That requires Hypothetical Conditions
Bamba,
I may not agree with every point being made by every poster so far. But I think all of us so far agree this is a big stinking problem and issue. If I were to receive such blanket engagement parameters from a mortgage source I would immediately forward it to my state appraisal board. There are a host of problems.
A) For warm ups here, even if such an assignment was for a private party with a legitmate intended use, the assignment would be "Complex" per any and all USPAP definitions of it. That would mean any and all "Licensed" appraisers would need a wake up call that if the T.V. was over $250,000 they would all be out of scope of practice. At least they would in my state.
B) Even if this was allowable for all mortgage assignments (which it is not) it certainly would NOT be allowable for every specific subject property there is. Part of the reason every assignment type like this is "Complex" is directly due to the fact that it simply is not possible to do, without gross USPAP violations, regarding every piece of real estate under the sun. Some of them it is literally impossible to develop "Five Acres" with all the required improvements on them including public street access for ingress and egress. At that point, if that cannot be done, the appraiser just opined on a runealizable (completely impossible) hypothetical and the results are not credible in any stretch of the imagination for any intended use.
C) Mortgage intended use with the 03/2005 Fannie forms required. I am not going to post on all the reasons why that with a intended use of a mortgage and a requirement to use the SOW on the 03/2005 Fannie forms that Citizens is requiring an unacceptable assignment condition, in my opinion. The problem is all appraisers in this country should know that it is probably an unacceptable assignment condition per their state appraisal board, and apparently, some don't.

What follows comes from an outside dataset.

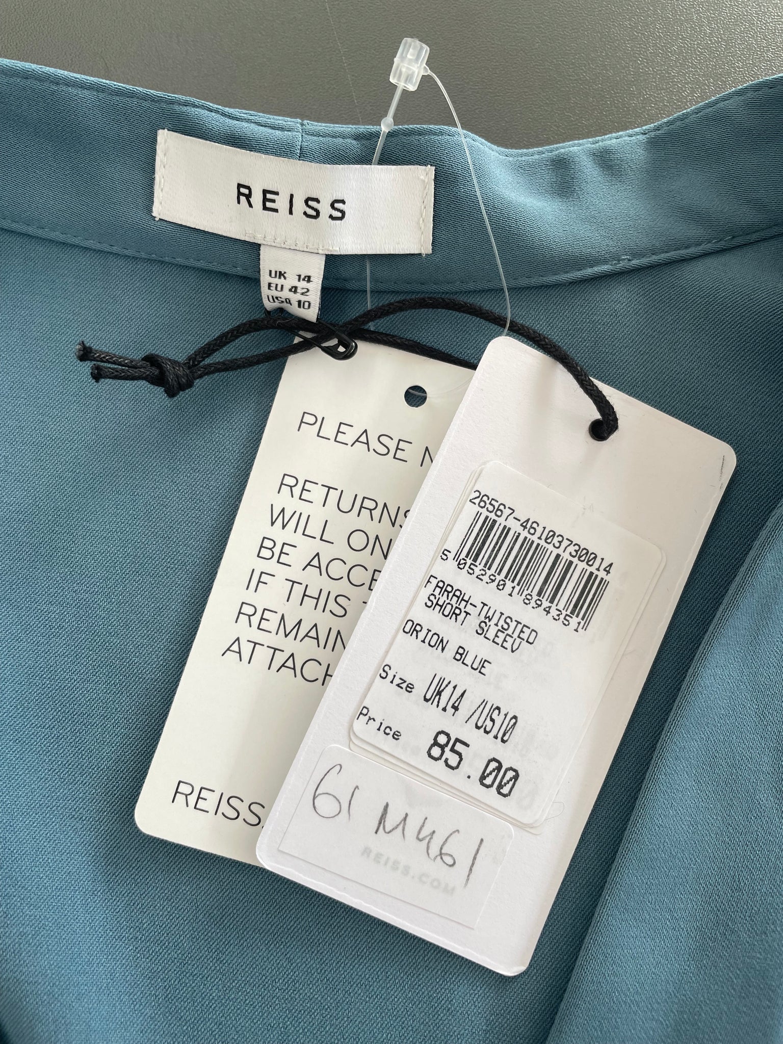 This dusky airforce blue Farah Twisted top from Reiss is brand new with tags and features:

On a side note just to weird out some other posters. For every intended use imaginable would a real estate appraiser have to have a site survey of a hypothetical five acres and a provided hypothetical legal description of something that doesn't exist? ... Answer: No ... But that debate is for a different thread. The main point of this thread is, without so far knowing what the Citizen intended use and demanded SOW including required reporting format (you didn't really tell us), the assumption they are requiring option "C" above is very strong and a expectation that a great many uneducated appraisers will be violating USPAP is highly likely.
P.S. Any appraiser that fails to understand that such requirements are asking for multiple real estate appraisals based on multiple HC's is completely messed up from the very git go! ... That second half of the so-called "excess land" has now hypothetically just been turned into it's own separate parcel causing a new hypothetical H&BU and "value" that the dear sweet client has not bothered to define.